Let me think for a bit

I'll ping you if I don't find another way to arrange it

actually, this example might be wrong

Yeah this example isn't right, your statement is correct

And its important you're looking at left cosets here and not right, for right cosets, my example would be a counterexample

Wait so I'm right afterall ?

i.e., its important that rho acts before sigma'

yeah

i had the order of composition backwards

Damn I'm glad, cosets are weird man

permutation groups are weird

So is my formulation correct?

Or is it just intuitive?

you should be a bit more rigorous, but the right idea is there

Like I don't think it's rigorous but I don't see how I can write it more rigorously though

your statement really should be rewritten as

$\sigma$ is equivalent to $\sigma'$ iff $\sigma(n) = \sigma'(n)$

Zopherus:

but you can do it more rigorously by showing that both directions are true

Now the statement is of course a lot better

double negatives were hard to wrap my head around

However I'm still trying to think how I'd rigorously write it.
Say I have $\sigma \sim \sigma'$. By definition, $\exists \rho$ such that $\sigma = \sigma' \cdot \rho$.
However $\rho \in \mathcal{S}_{n-1}$ so $n \notin Supp(\rho)$.
$\Rightarrow \sigma (n) = (\sigma' \cdot \rho) (n) = \sigma'(n)$.

Smor Brother:

That's the implication done rigorously right?

Now the other way around

yeah

Can we reason via equivalence in my previous message there?
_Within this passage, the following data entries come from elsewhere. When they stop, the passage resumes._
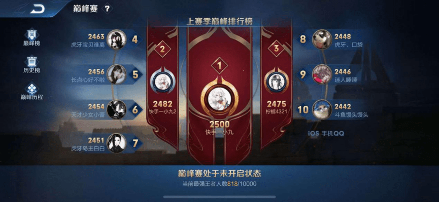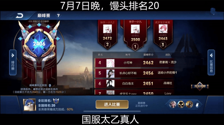 然而,一晚上的巅峰赛打下来,馒头的胜场还是很多的。最终,他上分成功,用了大概4个小时的时间,冲进了巅峰榜前十,圆满完成了任务。
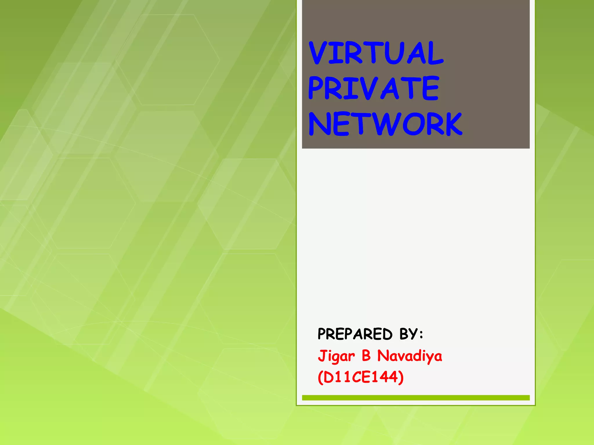 This document discusses virtual private networks (VPNs). It defines a VPN as a network that uses the open infrastructure of the internet to transmit data between corporate sites. It describes the need for VPNs to allow remote employees, growing corporations, and developing business relations to securely access corporate databases. The document outlines the basic working of VPNs through encrypted tunnels between remote users or sites and destination security servers. It also lists different types of VPNs and the protocols and hardware used to implement VPNs.
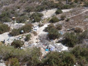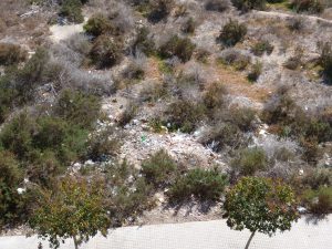 Me gustaría adjuntaros unas fotos sobre el estado en el que se encuentra. Además de la maleza creciente, cada vez se están acumulando más escombros, basura y enseres que la gente tira «ahí a la vuelta del matorral», «total desde la cera no se ve nada». Se está convirtiendo en un vertedero improvisado donde se despiezan las partes que se pueden vender en la chatarra y el resto se queda ahí, en suelo de nadie. Se ha convertido en el lugar donde arrojar los escombros de las obras, basura, etc. incluso hay un pequeño campamento donde debe ir algún sin techo, o a saber qué.
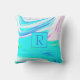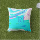 Coussin Turquoise Bleu Rose Blanc Abstrait Vagues Monogram
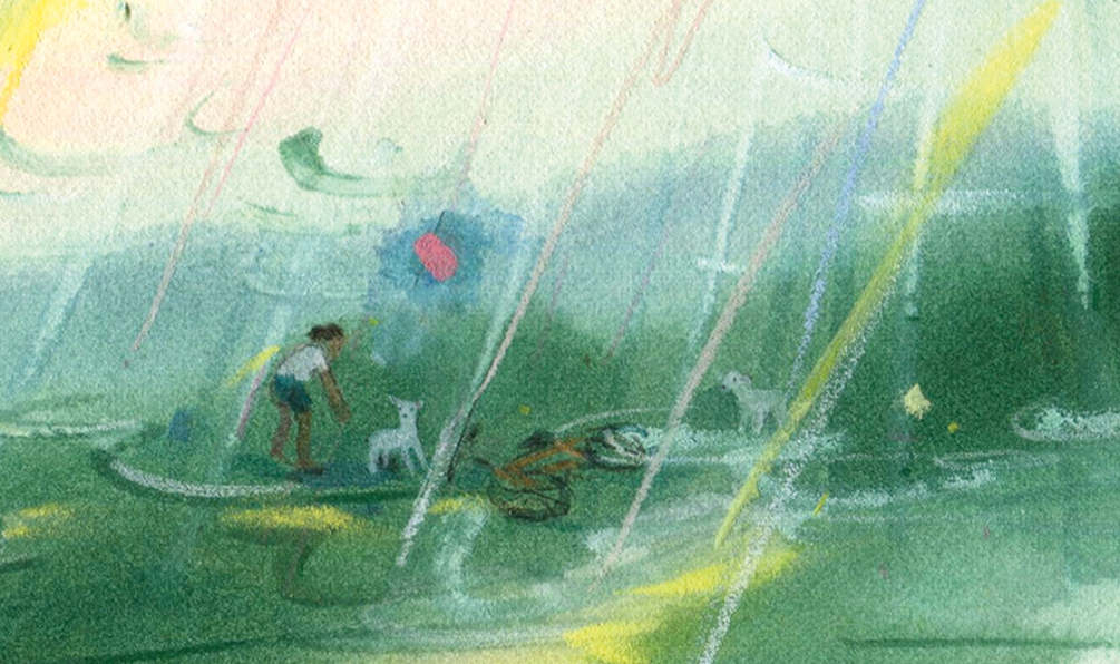 소낙비, 양 두 마리, 넘어진 자전거, 마음.
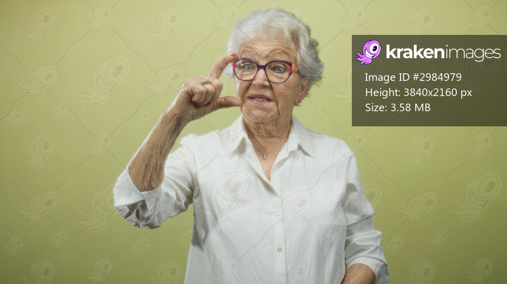 Senior woman wearing white shirt pinches thumb and forefinger near eyeglasses in studio; gentle patience.
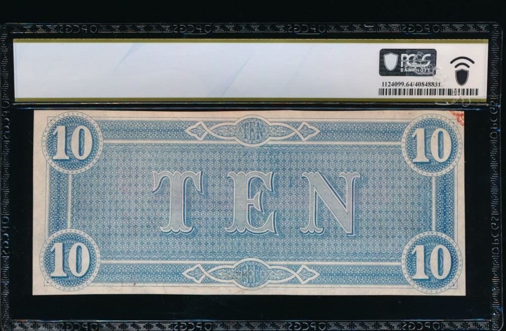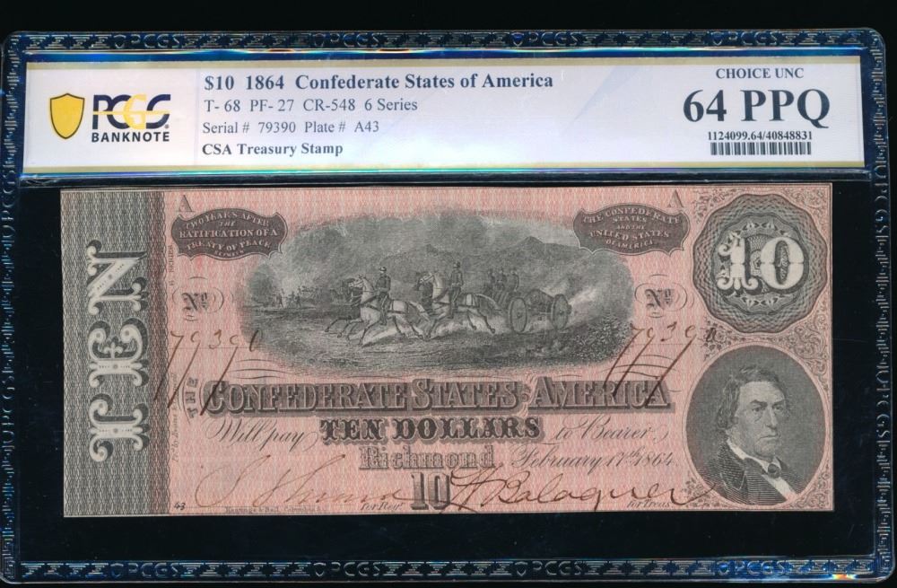 One 1864 $10 T-68 Confederate PCGS 64PPQ.
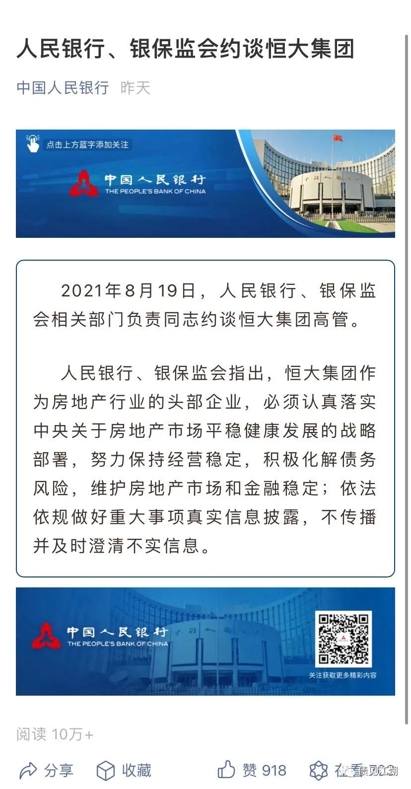 人民銀行、銀保監會約談恒大集團,恒大集團今日回應

Say I have $\sigma \sim \sigma'$. By definition, $\exists \rho$ such that $\sigma = \sigma' \cdot \rho$.
However $\rho \in \mathcal{S}_{n-1}$ so $n \notin Supp(\rho)$.
$\Leftrightarrow \sigma (n) = (\sigma' \cdot \rho) (n) = \sigma'(n)$.

Smor Brother:

Is that still correct?

Hm, now its a bit more awkward what the second half of the statement means

Let me rewrite it then

Say I have $\sigma \sim \sigma'$. By definition, $\exists \rho$ such that $\sigma = \sigma' \cdot \rho$.
However $\rho \in \mathcal{S}_{n-1}$ so $n \notin Supp(\rho)$. Thus
$\sigma (n) = (\sigma' \cdot \rho) (n) = \sigma'(n)$.
Hence $\sigma \sim \sigma' \Leftrightarrow \sigma (n) = \sigma'(n)$.

Smor Brother:

Not sure if I can already conclude an equivalence there is my question

Or is it merely a one-way proof

its really only one way

Damnit

starting from \sigma(n) = \sigma'(n)

you have to show that some rho exists so that \sigma = \sigma' \cdot \rho

Roughly speaking, I'd say I can just change the rest to my liking with a certain permutation rho.

yeah

However I have no idea how it's done rigorously there. Do you mind helping me a bit here?

if I have f,g so that f(1) = 2, f(2) = 3, f(3) = 1, and g(1) = 3, g(2) = 2, g(3) = 1

what rho are you going to pick so that f = g \rho

Let me write it down

I'll pick p = (1 2) ?

yeah, and how did you get that?

okay, maybe this is a dumb example because there's only one thing you could pick lmao

By looking I guess lol

since obviously the identity doesn't work

hm

maybe an idea is that

if f(1) = m for some m, then you have that g(k) = m for some k, but this means that you want rho(1) = k

so that g(rho(1)) = m

🤔

and so this is how you can construct a rho

so that it has the properties you want

Seems like this part is the hardest

So, given any two $\sigma, \sigma'$ such that $\sigma(n) = \sigma'(n)$.
Let $\sigma(1) = m \in {1,..,n-1}$.
Because $\sigma'$ is a bijection, $\exists k \ in {1,..,n-1}$ such that $\sigma'(k) = m.
Let $\rho \in \mathcal{S}_{n-1}$, if $\rho(1) = k, (\sigma' \cdot \rho)(1) = \sigma'(\rho(1)) = \sigma'(k) = m = \sigma(1)$.

Do I try induction here?

nah

uh, what's r

Oh whoops

also it should be \sigma(1) at the end

but anyways to finish, you did this for 1

Smor Brother:
Compile Error! Click the reaction for details. (You may edit your message)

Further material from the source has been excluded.